Titled the “John S. McCain National Defense Authorization Act for Fiscal Year 2019,” the massive defense spending and policy bill, among other things, prohibits selling the F-35s for the next 90 days, pending a Pentagon report on the relations between Turkey and the US.

The impact assessment report is expected to focus on US military operations from Incirlik Air Base (where, among other things, it operates a tactical nuclear storage site) and assess the risks presented by Turkey purchasing the S-400 missile defense system from Russia.

The report will also study the impact of removing Turkey from the F-35 program.

In a letter to the US Senate in early July, US Secretary of Defense Jim Mattis opposed removing Turkey from the F-35 program in which it’s been active since 1999, saying it could cause a disruption in the jet’s supply chain and increase program costs.

As a partner nation in the F-35 program, Turkey invested over $1 billion on the jet. Several local companies produce components for the aircraft, including fuselages and cockpit screens, such as Alp Aviation, AYESAS, Kale Aviation, Kale Pratt & Whitney and Turkish Aerospace Industries.

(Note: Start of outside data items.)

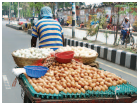
The move is designed to bring down prices of edible oil, sugar and eggs in the domestic market.

In another development yesterday, a senior commerce ministry official said they were considering allowing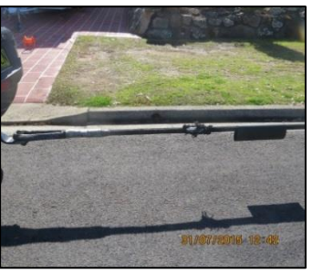
Put loose Shrink Sleeve on the strop and exert reference tension on rope.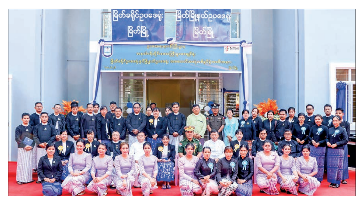
The opening ceremony of Myeik District and Township Law Office in progress on 7 April.

The Union Minister met law officers and staff in Taninthayi region, while the Regional Advocate-General explained the operations of the region. The Union Minister stressed the need for law officers to serve their duties without corruption. — MNA/KZL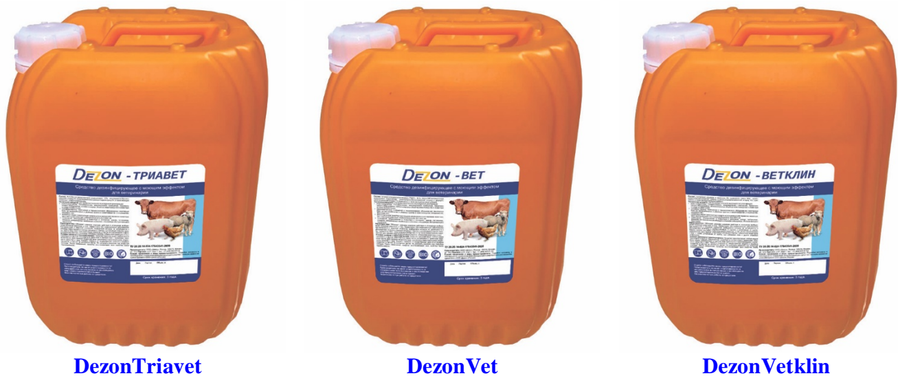
Figure 1: Disinfectants manufactured by LLC Dezon

The studies were in the Federal Center for Animal Health and the St. Petersburg State University of Veterinary Medicine. In the experiment, there were three disinfectants manufactured by LLC Dezon (Figure 1).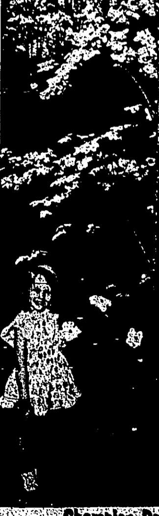
Champion Dogwood Blossoms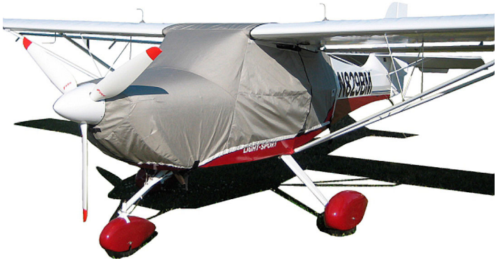
Aerotrek A240 Canopy/Engine Cover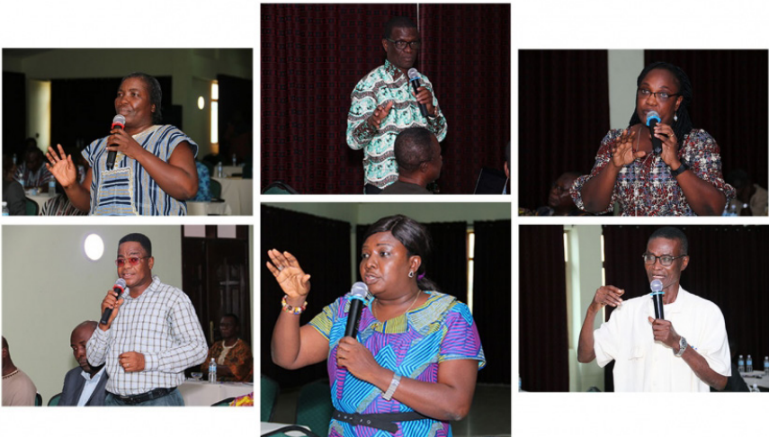
Some contributors who made valuable contributions during the programme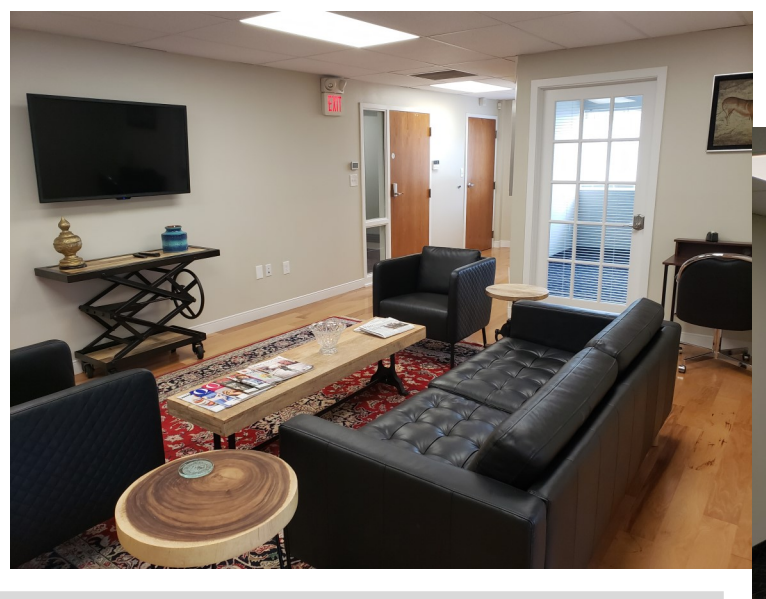
Executive Suites Includes: Utilities - Shared Conference Room - WIFI From $400.00 Mo.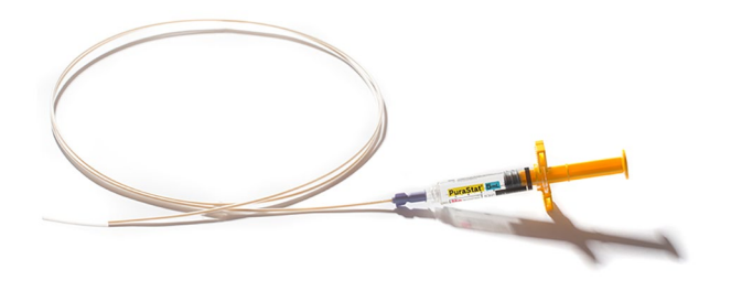
Fig.1 A: PuraStat system ready-to-use. A 5 mL PuraStat syringe is connected with the application catheter

After application of PuraStat, the procedural data were documented on a case report form (CRF). The CRF recorded the following data: Localization of the bleeding site, bleeding type according to the Forrest classification, primary or secondary use, previous or additional application of established techniques for haemostasis (submucosal injection of adrenaline or fibrin glue, number of hemoclips, argon plasma coagulation). 3 and 7 days after application, the therapeutic success of PuraStat was documented, defined as a stable clinical condition without signs of rebleeding. If patients had rebleeding, underwent surgery or if another serious adverse event occurred within 30 days following the application of PuraStat, the events were documented separately. All examiners were asked in the CRF about their satisfaction with the use of Purastat. The option was to state yes or no when asked for satisfaction, no specific graduation was requested although free comments on the topic could be reported.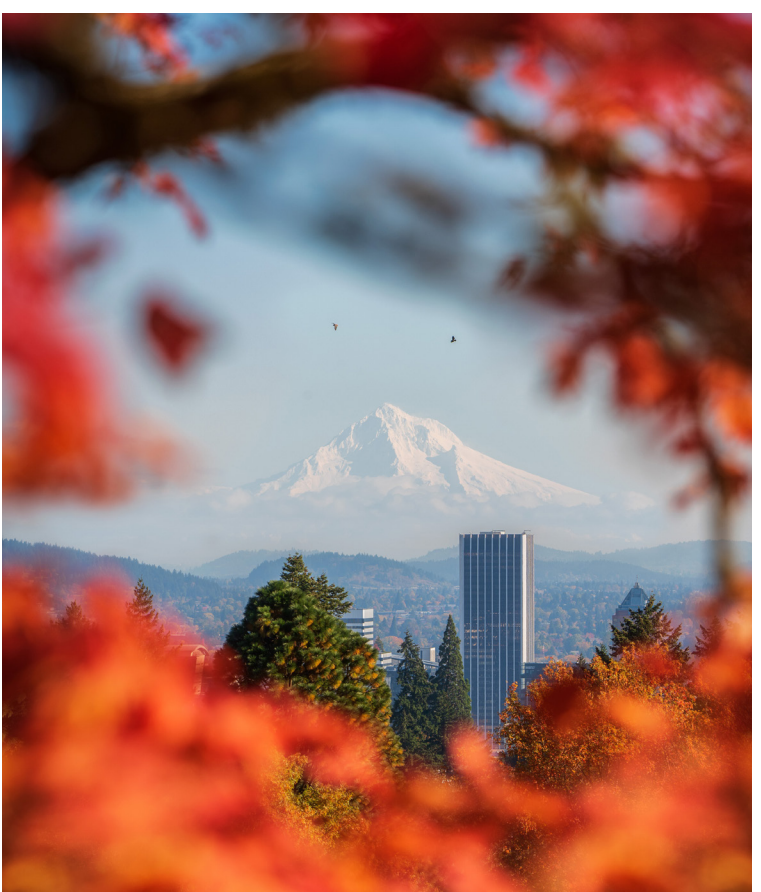
Mt. Hood framed by vibrant fall colors at the Garden.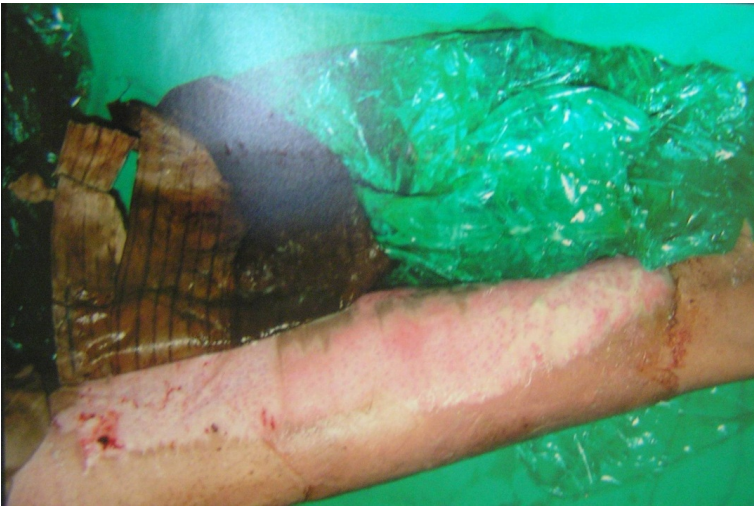
Figure 4. Epithelisation under BLD and PSD

The dressing on donor area was opened on 7 th post-harvest day, unless indicated earlier. Thereafter, the dressing was changed and area was inspected every day till complete epithelisation. (Fig 4)

Despite opposition from US lawmakers, Turkey received its first pair of a projected 100 F-35 fighters in June.

But they remain in the United States, where Turkish pilots are being trained and are not due to land in Turkey before September 2019.
Erdogan accuses the U.S. of a 'stab in the back' (Reuters)

The deterioration of ties between Ankara and Washington led US lawmakers to voice concern that if Russia provides the S-400 to Turkey while it flies the F-35, the capabilities and vulnerabilities of the jet could potentially be conveyed to Russia, compromising it.

Last month, Commander of US Air Forces in Europe General Tod Wolters told Reuters the purchase of the S-400 by Turkey – a NATO ally – was worrisome.

“Anything that an S-400 can do that affords it the ability to better understand a capability like the F-35 is certainly not to the advantage of the coalition,” he said.

Built by Lockheed Martin, the jets have an extremely low radar signature, allowing the jet to operate undetected deep inside enemy territory, as well as evade advanced missile defense systems like the S-300 and S-400 systems.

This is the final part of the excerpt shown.